明治・大正期の館山における文化交流・転地療養の一端

「明治・大正期の館山における文化交流・転地療養の一端」(安房歴史文化研究会2010年3月例会愛沢報告レポート抜粋)

安房は4つの顔を持っている地域。第1は「房総里見氏と戦争遺跡」。古代から地政上、海上交易の面からも戦略的に重要な場所で、城なり軍事施設が置かれた。第2は「地震と復興」、第3は「地場産業・近代水産業」。3つの海底プレートが交わるまれな地域で、たびたび災害が発生した。だが、人々は農漁業を発展させて、それを乗り越えてきた。

そして、第4が「癒しの地と転地療養」。明治・大正期の館山は、結核などの療養地、保養地となった。

館山が明治・大正期に療養地・保養地となった理由は、この地で酪農や果物づくりなどが発達したこととともに、川名博夫 (富浦生まれ、1864-1947)という人が東大でベルツ博士に学んで、転地療養を取り入れた館山病院を設立したことにある。資生堂創設者の福原有信 (1848-1924)は館山の人で、長女とりが川名博夫に嫁いだ。東京銀座の資生堂ビルの中には、館山病院の営業所があった。関東大震災後は、資生堂が館山病院に出資している。

彫刻家の長沼守敬 (1857-1942)は、パリ万博で金賞を獲得した大変な人物である。東大にあるベルツ博士像も制作し、付き合いがあったという。突然引退して館山に移住した。長沼の持っていた碁盤の裏には「南陽」という文字がある。坪野平太郎 (号・南陽、1854-1925)と囲碁仲間だった可能性がある。

坪野南陽は田村病院の「南陽会」、安房高の「南陽文庫」に名が残る人。東大を卒業し、転地療養で館山に来た。後に神戸市長や一橋大の学長になるが、全国に館山の転地療養を知らしめた重要人物。定年後は関東大震災まで館山に住んでいた。

民芸運動を起こした柳宗悦の兄悦多は、大正期に短期間安房中の柔道教員をしていた。彼は水産講習所卒が縁で、北条海岸に船2隻を所有している。柳兄弟の母は柔道で有名な嘉納治五郎の姉。安房中が水泳や柔道で全国トップクラスになったのは東京高等師範学校との関係が深いが、その東京高師の校長を長くやっていたのが嘉納。

どうも坪野南陽と嘉納は東大の先輩後輩で教育分野でもつながりがあり、南陽らが資金を出して安房出身の在京学生のための寮舎「安房育英舎」をつくる際に、嘉納は建物と講道館敷地内の土地を寄付したという。

福原有信の3男、信三(1883-1948)は、千葉医専から米国に留学して薬学を学び、化粧品メーカーとして資生堂を大きくしていく。社長であったが著名な写真家でもあり、文化事業の発信地として「資生堂ギャラリー」には多くの文化人・知識人を集めた。関東大震災後の株式会社館山病院の社長であり、資生堂-館山病院というルートは、館山にとって文化の流入口の役割を果たしたと思われる。

万里小路通房 (伯爵・1848-1932)もキーマンの一人。明治天皇の側近だった人脈で、神祗官僚福羽美静を通じて栽培技術の第一人者福羽逸人を館山に招き、促成栽培をはじめている。また、長女伴子が佐倉藩主堀田正倫の夫人であったことから、堀田農事試験場とも関わり、通房の農業・畜産分野のネットワークは広かった。

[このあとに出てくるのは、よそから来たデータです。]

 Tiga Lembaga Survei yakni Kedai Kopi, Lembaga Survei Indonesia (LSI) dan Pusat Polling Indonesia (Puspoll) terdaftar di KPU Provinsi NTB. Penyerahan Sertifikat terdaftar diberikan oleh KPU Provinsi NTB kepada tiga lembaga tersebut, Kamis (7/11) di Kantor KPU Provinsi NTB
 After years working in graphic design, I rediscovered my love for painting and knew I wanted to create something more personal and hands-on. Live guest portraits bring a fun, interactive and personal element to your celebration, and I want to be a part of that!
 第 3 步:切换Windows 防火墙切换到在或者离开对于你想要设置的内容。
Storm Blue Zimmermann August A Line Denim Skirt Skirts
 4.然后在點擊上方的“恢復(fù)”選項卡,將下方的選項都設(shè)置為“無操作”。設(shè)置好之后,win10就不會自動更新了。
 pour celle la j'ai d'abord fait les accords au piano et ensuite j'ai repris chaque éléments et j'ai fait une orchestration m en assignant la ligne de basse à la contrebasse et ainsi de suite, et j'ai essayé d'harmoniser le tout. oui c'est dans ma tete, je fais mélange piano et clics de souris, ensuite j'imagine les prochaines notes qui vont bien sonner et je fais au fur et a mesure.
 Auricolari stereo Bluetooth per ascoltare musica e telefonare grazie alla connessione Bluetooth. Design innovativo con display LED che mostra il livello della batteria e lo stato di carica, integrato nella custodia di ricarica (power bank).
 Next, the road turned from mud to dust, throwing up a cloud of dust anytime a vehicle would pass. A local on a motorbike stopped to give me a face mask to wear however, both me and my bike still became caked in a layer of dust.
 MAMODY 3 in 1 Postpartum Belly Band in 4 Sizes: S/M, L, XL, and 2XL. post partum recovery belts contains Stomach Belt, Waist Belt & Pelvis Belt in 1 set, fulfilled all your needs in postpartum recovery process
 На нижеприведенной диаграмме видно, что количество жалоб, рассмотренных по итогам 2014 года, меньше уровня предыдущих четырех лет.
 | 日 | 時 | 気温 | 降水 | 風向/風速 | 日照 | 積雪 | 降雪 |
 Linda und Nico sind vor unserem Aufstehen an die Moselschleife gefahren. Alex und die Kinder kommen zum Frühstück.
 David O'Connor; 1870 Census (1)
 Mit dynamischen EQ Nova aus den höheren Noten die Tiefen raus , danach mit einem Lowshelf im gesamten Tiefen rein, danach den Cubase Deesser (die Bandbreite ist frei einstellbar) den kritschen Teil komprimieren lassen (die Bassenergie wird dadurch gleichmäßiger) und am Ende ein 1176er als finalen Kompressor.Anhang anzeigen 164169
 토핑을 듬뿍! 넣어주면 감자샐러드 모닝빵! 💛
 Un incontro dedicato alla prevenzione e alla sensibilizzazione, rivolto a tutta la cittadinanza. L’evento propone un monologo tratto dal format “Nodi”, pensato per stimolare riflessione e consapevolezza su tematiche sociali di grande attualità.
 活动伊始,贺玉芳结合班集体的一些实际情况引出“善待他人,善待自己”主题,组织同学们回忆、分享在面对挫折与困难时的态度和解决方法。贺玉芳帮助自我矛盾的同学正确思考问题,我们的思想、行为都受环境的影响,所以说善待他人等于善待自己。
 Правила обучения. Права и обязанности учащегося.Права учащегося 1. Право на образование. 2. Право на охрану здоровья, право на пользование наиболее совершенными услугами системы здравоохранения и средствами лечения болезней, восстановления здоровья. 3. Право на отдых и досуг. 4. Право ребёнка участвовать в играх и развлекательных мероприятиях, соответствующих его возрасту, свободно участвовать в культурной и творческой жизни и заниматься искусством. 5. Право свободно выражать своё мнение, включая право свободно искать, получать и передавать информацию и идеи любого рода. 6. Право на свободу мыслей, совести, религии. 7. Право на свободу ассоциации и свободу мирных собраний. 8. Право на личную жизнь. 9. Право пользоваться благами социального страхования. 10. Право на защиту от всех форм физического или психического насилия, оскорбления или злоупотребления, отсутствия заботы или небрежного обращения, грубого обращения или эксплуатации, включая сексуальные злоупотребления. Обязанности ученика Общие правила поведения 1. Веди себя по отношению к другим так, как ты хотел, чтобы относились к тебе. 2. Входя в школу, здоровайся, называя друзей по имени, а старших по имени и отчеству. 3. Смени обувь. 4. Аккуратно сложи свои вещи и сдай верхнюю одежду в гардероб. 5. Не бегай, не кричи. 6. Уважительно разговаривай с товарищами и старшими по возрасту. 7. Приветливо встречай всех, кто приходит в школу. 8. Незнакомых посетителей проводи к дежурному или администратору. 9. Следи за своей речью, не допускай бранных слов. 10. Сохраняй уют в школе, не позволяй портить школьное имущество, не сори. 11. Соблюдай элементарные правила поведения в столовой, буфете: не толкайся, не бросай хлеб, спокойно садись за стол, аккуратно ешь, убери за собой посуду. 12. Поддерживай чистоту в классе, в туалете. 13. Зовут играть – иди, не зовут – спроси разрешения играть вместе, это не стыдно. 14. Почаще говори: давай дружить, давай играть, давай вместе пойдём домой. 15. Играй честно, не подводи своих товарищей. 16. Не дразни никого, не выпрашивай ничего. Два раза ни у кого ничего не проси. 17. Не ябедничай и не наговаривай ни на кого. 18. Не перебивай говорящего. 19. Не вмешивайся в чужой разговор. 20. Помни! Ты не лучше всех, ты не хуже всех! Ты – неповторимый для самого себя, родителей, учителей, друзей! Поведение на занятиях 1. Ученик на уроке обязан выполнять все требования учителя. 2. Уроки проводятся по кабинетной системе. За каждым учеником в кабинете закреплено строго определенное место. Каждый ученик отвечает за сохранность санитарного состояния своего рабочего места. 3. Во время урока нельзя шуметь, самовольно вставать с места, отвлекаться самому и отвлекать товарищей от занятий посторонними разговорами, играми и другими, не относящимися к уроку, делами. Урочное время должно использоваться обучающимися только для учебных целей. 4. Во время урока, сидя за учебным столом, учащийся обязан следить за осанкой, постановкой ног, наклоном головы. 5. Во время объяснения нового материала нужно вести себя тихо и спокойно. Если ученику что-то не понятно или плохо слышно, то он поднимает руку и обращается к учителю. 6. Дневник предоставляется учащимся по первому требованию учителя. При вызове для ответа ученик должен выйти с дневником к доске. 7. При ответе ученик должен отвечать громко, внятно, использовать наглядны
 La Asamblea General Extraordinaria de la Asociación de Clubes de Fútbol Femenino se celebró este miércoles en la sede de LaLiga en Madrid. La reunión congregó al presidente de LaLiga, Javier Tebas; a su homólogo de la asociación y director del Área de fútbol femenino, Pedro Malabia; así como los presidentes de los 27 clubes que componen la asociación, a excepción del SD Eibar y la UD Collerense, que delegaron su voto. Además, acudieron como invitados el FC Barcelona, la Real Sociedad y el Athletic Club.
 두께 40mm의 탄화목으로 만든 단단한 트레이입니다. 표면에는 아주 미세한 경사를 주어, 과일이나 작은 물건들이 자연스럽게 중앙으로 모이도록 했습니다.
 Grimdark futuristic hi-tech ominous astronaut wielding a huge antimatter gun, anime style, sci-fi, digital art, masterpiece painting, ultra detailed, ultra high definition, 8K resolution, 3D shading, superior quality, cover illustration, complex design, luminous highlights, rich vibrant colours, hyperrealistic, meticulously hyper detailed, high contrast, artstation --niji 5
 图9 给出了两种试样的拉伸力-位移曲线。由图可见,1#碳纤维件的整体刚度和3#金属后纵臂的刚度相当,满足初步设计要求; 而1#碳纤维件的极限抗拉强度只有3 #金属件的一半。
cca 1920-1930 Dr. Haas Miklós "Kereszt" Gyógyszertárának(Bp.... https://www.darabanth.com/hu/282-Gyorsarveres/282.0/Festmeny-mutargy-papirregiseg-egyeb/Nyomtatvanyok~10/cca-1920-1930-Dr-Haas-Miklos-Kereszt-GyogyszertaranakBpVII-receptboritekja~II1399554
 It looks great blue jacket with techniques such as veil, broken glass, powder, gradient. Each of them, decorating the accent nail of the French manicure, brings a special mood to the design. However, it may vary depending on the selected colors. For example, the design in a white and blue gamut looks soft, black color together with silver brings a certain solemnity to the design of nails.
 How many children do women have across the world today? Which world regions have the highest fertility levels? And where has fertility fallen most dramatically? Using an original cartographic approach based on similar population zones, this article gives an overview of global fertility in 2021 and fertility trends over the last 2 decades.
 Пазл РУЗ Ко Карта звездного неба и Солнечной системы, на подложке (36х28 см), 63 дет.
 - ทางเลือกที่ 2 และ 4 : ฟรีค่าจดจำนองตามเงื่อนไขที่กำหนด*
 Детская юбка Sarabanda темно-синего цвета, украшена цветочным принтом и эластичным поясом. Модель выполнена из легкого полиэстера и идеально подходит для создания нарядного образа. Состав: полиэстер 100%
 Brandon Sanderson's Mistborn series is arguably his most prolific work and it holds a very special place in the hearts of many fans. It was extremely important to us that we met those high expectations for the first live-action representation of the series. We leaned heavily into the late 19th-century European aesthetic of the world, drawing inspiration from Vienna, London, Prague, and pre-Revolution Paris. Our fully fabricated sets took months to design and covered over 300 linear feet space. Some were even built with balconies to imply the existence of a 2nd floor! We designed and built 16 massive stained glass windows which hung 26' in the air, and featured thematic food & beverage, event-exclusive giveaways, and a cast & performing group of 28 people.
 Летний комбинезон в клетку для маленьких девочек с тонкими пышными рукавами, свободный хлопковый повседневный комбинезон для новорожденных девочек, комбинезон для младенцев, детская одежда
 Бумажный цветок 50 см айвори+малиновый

近代水産業の先駆者・関沢明清 とも、農商務省の調査会と担当の貴族院議員ということで関係がある。水産講習所高ノ島実験場の日誌などをみると、万里小路が農業だけでなく水産業にも関心を持っていたことが分かる。

アワビ漁で米国に渡った小谷仲治郎 (1872-1943)は水産伝習所卒業で関沢明清とつながりがあり、後に安房郡水産会長を務めた人物。彼の妹が嫁いだのが画家の倉田白羊(1881-1938)。安房の小学校を回り、児童たちが自由画を描く美術教育を進めた。倉田は、版画家の山本鼎と深い交流を持ち、彼とともに日本の児童自由画運動で画期的な役割を果たした。

青木繁 ・中村彝 ・倉田白洋・山本鼎などの著名な画家たちは、どういうわけか富崎を訪れている。青木繁の没後100年を機に、美術史的な地域の掘り起こしが大事ではないかと思う。

これらの知識人の交流事例については手元に資料があまりなく、痕跡が少ないので不明なことも多い。地域の方々からご協力をいただき、調査研究をしていきたい。